WHEN The 306: Dusk opened at Perth Theatre this week in a co-production with the National Theatre of Scotland, it marked more than five years since Oliver Emanuel and Gareth Williams began working on the 306 project. Since then, Emanuel and Williams have created an epic First World War-inspired music theatre trilogy, which has put some of the 1914-18 war’s less sung stories into the spotlight as well as its long-term fall-out.

Emanuel began his saga in 2016 with The 306: Dawn, which was set during the war itself. The play focused on some of the 306 men who were court-martialled as traitors and shot by a firing squad, recognising that the men were likely victims of mental trauma and miscarriages of justice. It’s follow-up, The 306: Day, followed the lives of the women caught in the emotional and psychological crossfire of the war and struggling to cope following the loss of their men, either in battle or through execution.

This third and final play brings things up to date, and takes place on Armistice Day, when three quite different pilgrimages take place in what were once the battlefields of France.

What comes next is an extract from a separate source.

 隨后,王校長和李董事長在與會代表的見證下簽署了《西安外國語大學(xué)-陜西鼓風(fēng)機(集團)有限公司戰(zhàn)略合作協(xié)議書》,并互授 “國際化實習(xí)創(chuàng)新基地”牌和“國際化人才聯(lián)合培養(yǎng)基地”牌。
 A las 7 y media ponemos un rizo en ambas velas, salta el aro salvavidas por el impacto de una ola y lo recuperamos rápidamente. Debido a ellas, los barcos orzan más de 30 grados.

“It’s a ghost story in many ways,” says Emanuel, “in which the war itself is the ghost. It’s set at dusk, which is this strange time between night and day and where things aren’t quite what they seem. Through these three characters – a pregnant teacher on a school trip, an Iraqi war veteran and a soldier executed in 1918 – we ask questions about what remembrance means, and whether we need remembrance.”

Co-commissioned by 14-18 NOW, the UK’s arts programme for the First World War centenary, the 306 trilogy forms part of a huge process of legacy-building at a time when survivors of the war are few.

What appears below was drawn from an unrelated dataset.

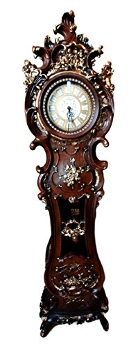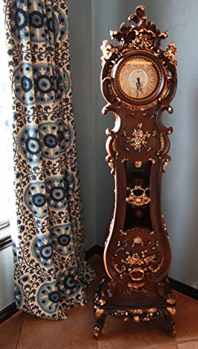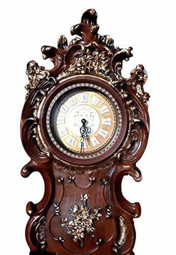 Studio : Atlantic Collectibles Publisher : Atlantic Collectibles Binding : Kitchen Product Description This grandfather clock boasts of excellent curvaceous design with vintage flower petal top. It is made of polyresin, hand painted and polished in mahogany wood color finish. It has a swinging pendulum in the body and you can set the chime to go off in two settings; Day time only or 24hr. Select from 3 musical tunes. You won't find a better deal than this anywhere online! 0

“After a hundred years since the war, when no-one with any living memory of that time is around anymore, you wonder whether this is the last generation to remember it, and if so what happens next? I don’t have any easy answers, but maybe the war will be remembered because of the art that’s come out of it, whether that’s the poems of Wilfred Owen or some of the other great works that came from it.”

The first play was directed by then NTS artistic director Laurie Sansom and the second by Jemima Levick. The 306: Dusk is being overseen by Wils Wilson, whose credits include the international hit by David Greig, The Strange Undoing of Prudencia Hart and the Royal Lyceum Theatre Edinburgh’s recent production of Twelfth Night.

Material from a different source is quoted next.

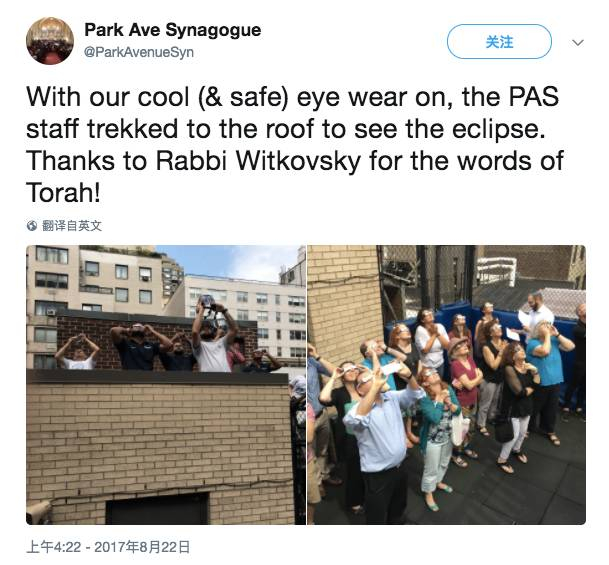 △ 纽约某犹太教堂组织成员看日食,并研习犹太五经

Running through all three plays has been the scores composed by Gareth Williams, which sees the cast sing to arrangements played by a live string ensemble. Out of this working relationship and sense of continuity came a sense of camaraderie between Emanuel and Williams which has helped forge the umbilical links between the three plays into a coherent whole.

“I’ve never stayed with a project this long,” says Williams “In 2012 me and Oli had a conversation about cowardice, and that’s where everything came from. I was still composer in residence with Scottish Opera at the time, and had to feel my way into it. Since then, we’ve had time to get things right and time to get things wrong, and I suppose part of Oli’s job was to open up these real-life events into a dramatic world, and it’s been my job to find where the songs might sit within that. But the whole thing has been so collaborative that I’ve never felt like I was the only composer in the room.”

The first part of the trilogy was performed in a barn in Perthshire and the second in a hotel, The 306: Dusk is being produced in a newly refurbished Perth Theatre.

“We always knew we were going to be coming in from the cold,” says Emanuel.

There is undoubtedly and deservedly a real sense of achievement that comes with the completion of the 306 trilogy. As with any project which has required such a high level of commitment, particularly one dealing with such sensitive areas as The 306 has, there will also be a sense of loss that goes with it. As Williams puts it, “Because you’ve spent so long with it, you know there’s a real sadness coming when it ends.”

For Emanuel, the end of the 306 trilogy has been a cause for reflection.

“It’s been such a huge privilege to write a trilogy like this,” he says. “On a purely personal level, when I started this project five years ago I was 32 and still working out what sort of writer I was and what sort of writer I wanted to be.”

Five years on, Emanuel is clear about how he sees this particular body of work.

“I never thought of The 306 as a historical trilogy,” he says. “I always thought I was just writing about people with problems, and I wanted to write about these people’s lives and how these stories happened. There’s a kind of mirror that’s run all the way through, so the first one was set in 1916 and performed in 2016, the second was set in 1917 and performed in 2017, and it’s the same with this third one. The challenge for me is that it’s called The 306, but you can’t write the stories of all of them, but the great thing about theatre is that it can stand for other things.”

With The 306: Dusk now up and running, what does Emanuel think is likely to be the trilogy’s own lasting legacy?

“I’m still figuring that out,” he says. “It usually takes me a while to get a full sense of what I’ve been writing about, and with The 306 I think that’s especially been the case. One thing is that I don’t want to avoid the difficult parts of the story of the First World War, and I suppose I’m grinding the oyster of our national myth. Above all, I think I’m asking what responsibility we have to soldiers today.”

The 306: Dusk, Perth Theatre, October 10-27.